I tried to use atexit and wrote following:
class _Register(object):
def dump(self):
....
class Registerable(object):
....
g_register = _Register()
atexit.register(g_register.dump)
...
...
g_register.add(Registerable('aa'))
But now I get:
cPickle.PicklingError: Can't pickle <class '__main__.Registerable'>:
attribute lookup __main__.Registerable failed
Does that mean that by the time of atexit execution my Registerable
class is already dead?
No, at least not due to using atexit.
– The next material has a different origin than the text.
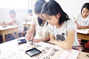 書(shū)畫(huà)相輔相成 為弘揚(yáng)“書(shū)畫(huà)同源”的中國(guó)傳統(tǒng)藝術(shù),本中心常年班采取書(shū)畫(huà)相輔相成的教學(xué)方法,毛筆與硬筆相結(jié)合、書(shū)法與繪畫(huà)教學(xué)交替進(jìn)行,以求事半功倍的教學(xué)效果。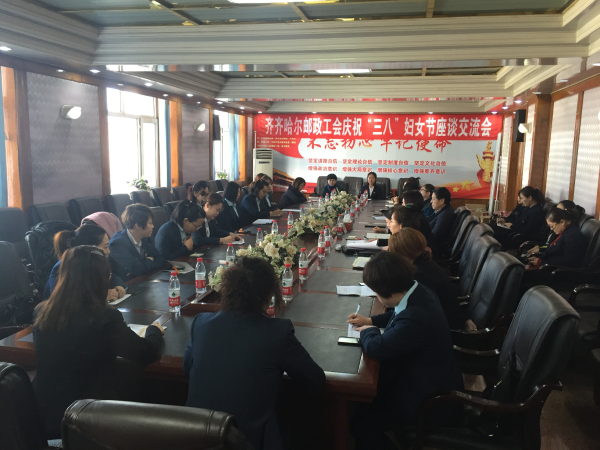 3月7日上午,在“三八”國際婦女節(jié)來臨之際,齊齊哈爾市郵政工會舉辦慶?!叭恕惫?jié)女職工座談交流會,邀請不同崗位的優(yōu)秀女職工代表歡聚一堂,暢談工作理想,交流生活經(jīng)驗(yàn),共同慶祝自己的節(jié)日。市分公司總經(jīng)理、黨委書記張玉辰同志,副總經(jīng)理、工會主席任麗杰同志和機(jī)關(guān)各單位負(fù)責(zé)人出席座談會,與女職工代表共話女職工建功立業(yè),共慶節(jié)日。

When atexit functions are executed,
the interpreter is still in a fully working state. From pythonrun.c,
function Py_Finalize:
/* The interpreter is still entirely intact at this point, and the
* exit funcs may be relying on that. In particular, if some thread
* or exit func is still waiting to do an import, the import machinery
* expects Py_IsInitialized() to return true. So don't say the
* interpreter is uninitialized until after the exit funcs have run.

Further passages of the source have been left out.